If this were a movie, the crowds cheering “USA! USA!” outside the White House would be right: The bad guy is dead! We win! The End. But the big picture is bigger than Hollywood convention. In the great sweeping narrative, the death of Osama bin Laden is barely a ripple, while the courtesies afforded to him by the Pakistani establishment tell us something profound about the superpower’s weakness and inability to shift the storyline. Bin Laden famously said that when people see a strong horse and a weak horse they naturally prefer the strong horse. Putting a bullet through his eye is a good way of letting him know which role he’s consigned to. But the strong horse/weak horse routine is a matter of perception as much as anything else. On September 12, 2001, General Musharraf was in a meeting “when my military secretary told me that the U.S. secretary of state, Gen. Colin Powell, was on the phone. I said I would call back later.” The milquetoasts of the State Department were in no mood for Musharraf’s I’m-washing-my-hair routine, and, when he’d been dragged to the phone, he was informed that the Bush administration would bomb Pakistan “back to the Stone Age” if they didn’t get everything they wanted. Musharraf concluded that America meant it.
A decade later, we’re back to September 10. Were Washington to call Islamabad as it did a decade ago, the Pakistanis would thank them politely and say they’d think it over and get back in six weeks, give or take. They think they’ve got the superpower all figured out — that America is happy to spend bazillions of dollars on technologically advanced systems that can reach across the planet, but it doesn’t really have the stomach for changing the facts of the ground. That means that once in a while your big-time jihadist will be having a quiet night in watching Dancing With The Stars when all of a sudden Robocop descends from the heavens, kicks the door open, and it’s time to get ready for your virgins. But other than that, in the bigger picture, day by day, all but unnoticed, things will go their way.
In the fall of 2001, discussing the collapse of the Taliban, Thomas Friedman, the in-house thinker at the New York Times, offered this bit of cartoon analysis:“For all the talk about the vaunted Afghan fighters, this was a war between the Jetsons and the Flintstones — and the Jetsons won and the Flintstones know it.”
But they didn’t, did they? The Flintstones retreated to their caves, bided their time, and a decade later the Jetsons are desperate to negotiate their way out.
When it comes to instructive analogies, I prefer Khartoum to cartoons. If it took America a decade to avenge the dead of 9/11, it took Britain 13 years to avenge their defeat in Sudan in 1884. But, after Kitchener slaughtered the jihadists of the day at the Battle of Omdurman in 1897, he made a point of digging up their leader, the Mahdi, chopping off his head and keeping it as a souvenir. The Sudanese got the message.
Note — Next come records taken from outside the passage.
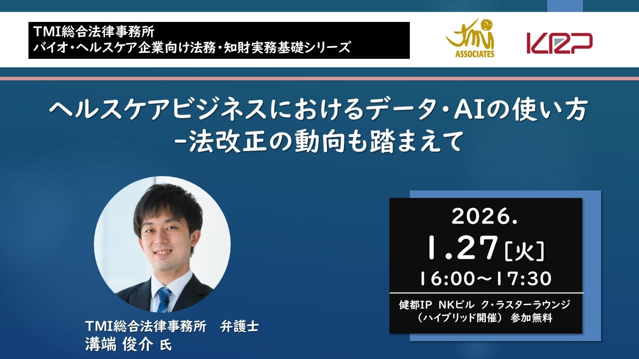 本セミナーでは、TMI総合法律事務所 溝端 俊介弁護士を講師に迎え、ヘルスケアビジネスに適用されるデータ関係の規制の全体像をわかりやすく説明したうえで、規制の解説にとどまらない、データ・AIの「使い方」を解説いただきます。みなさまのご参加をお待ちしております!
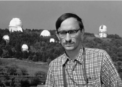 Рис. 2.2. Студент МГУ Сергей Шугаров, открывший Новую Лебедя 1975 г., на фоне башни 2,6-метрового рефлектора им. Г. А. Шайна Крымской астрофизической обсерватории.
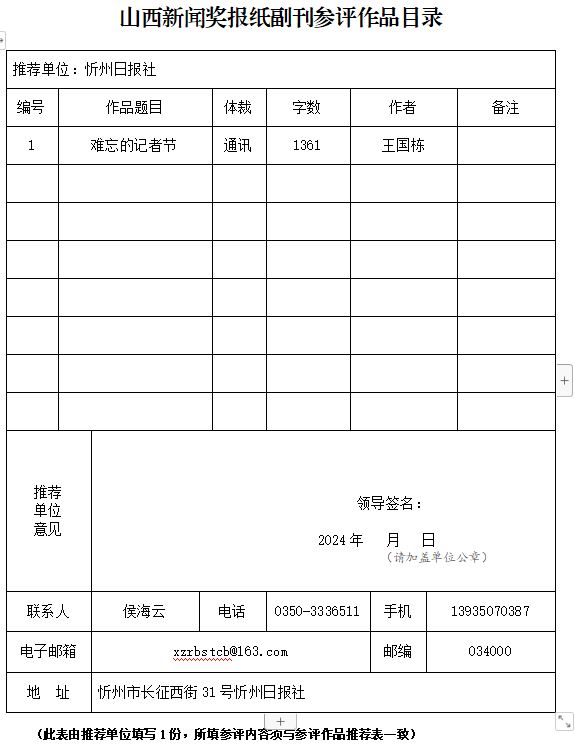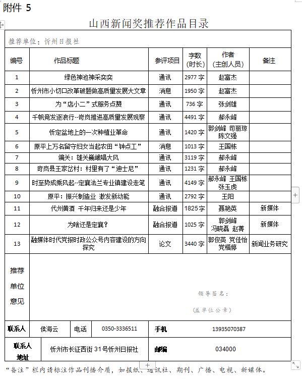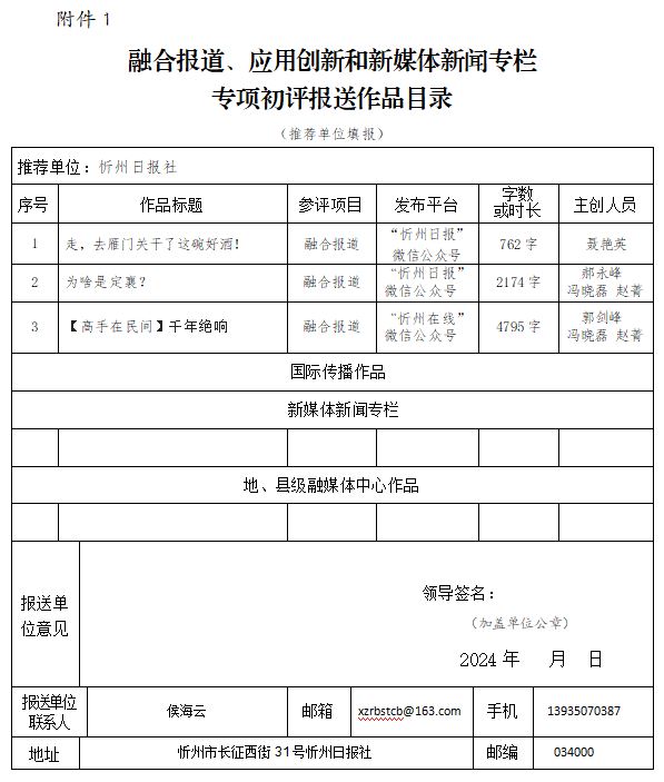 經(jīng)忻州日報(bào)社編委會研究決定,以下作品擬推薦申評第33屆山西新聞獎,現(xiàn)予以公示。有反對意見者,請將反對意見書面報(bào)至統(tǒng)計(jì)考核部。

The British had nary a peep out of the joint until they gave it independence six decades later — and, indeed, the locals fought for king and (distant imperial) country as brave British troops during World War II. Even more amazingly, generations of English schoolchildren were taught about the Mahdi’s skull winding up as Lord Kitchener’s novelty paperweight as an inspiring tale of national greatness.
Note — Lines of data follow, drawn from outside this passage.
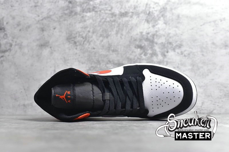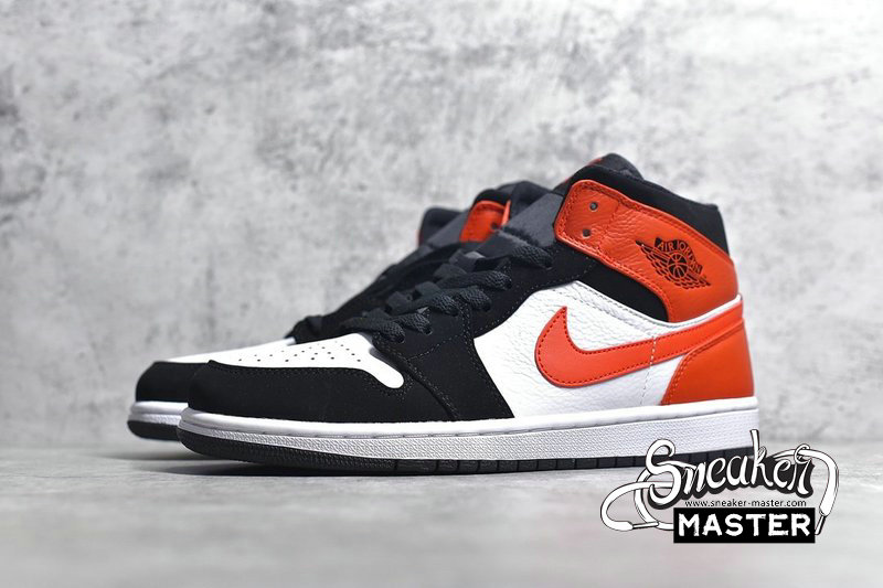- This mid-top Air Jordan 1 comes dressed in a Black, Starfish and White color combination. Constructed with Black nubuck on the overlays, White leather covers the panels and toe box. Starfish, a shade of Orange lands on the leather overlays around the heel and Swoosh. Other details includes a White midsole and Black rubber outsole.
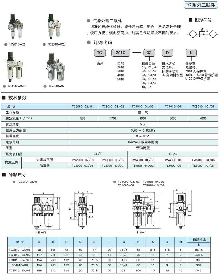 TC2010-02U,STNC气源处理元件,TC系列二联件
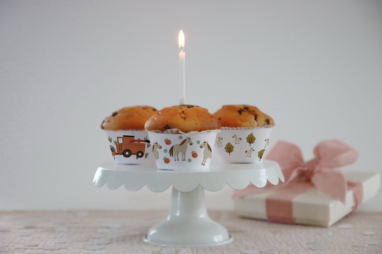 Niedliche Muffin-Banderolen in 3 verschiedenen Designs (s. Vorschau) aus unserer Serie PFERDE für Euren Kindergeburtstag. Liebevolle, unaufdringliche Dekorationen. In diese hübschen Banderolen kannst Du Muffins oder Cupcakes mit ihren Backförmchen stecken und schon passen sie sich perfekt an Deine Tischdeko an.
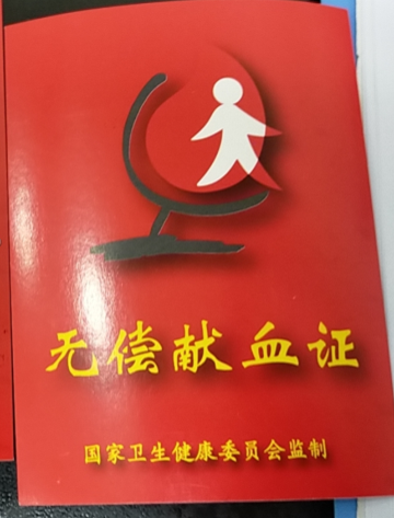 鲜红的献血证印证着“除人类之病痛,助健康之完美”的誓言。

Not a lot of that today. It’s hard to imagine Osama’s noggin as an attractive centerpiece at next year’s White House Community Organizer of the Year banquet, and entirely impossible to imagine America’s “educators” teaching the tale approvingly. So instead, even as we explain that our difficulties with this bin Laden fellow are nothing to do with Islam, no sir, perish the thought, we simultaneously rush to assure the Muslim world that, not to worry, we accorded him a 45-minute Islamic funeral as befits an observant Muslim.
That’s why Pakistani bigshots harbored America’s mortal enemy and knew they could do so with impunity. Bin Laden was a Saudi with money, and there are a lot of those about, funding this and that from South Asia to the Balkans to Dearborn, Mich. They’ve walked their petrodollars round the Western world buying up everything they need to, from minor mosques to major university Middle Eastern Studies departments. By comparison with his compatriots, Osama squandered his dough. In that long-ago Spectator piece, I wrote, “Junior’s just a peculiarly advanced model of the useless idiot son — a criticism routinely made of Bush but actually far more applicable to Osama, who took his dad’s fortune and literally threw it down a hole in the ground.”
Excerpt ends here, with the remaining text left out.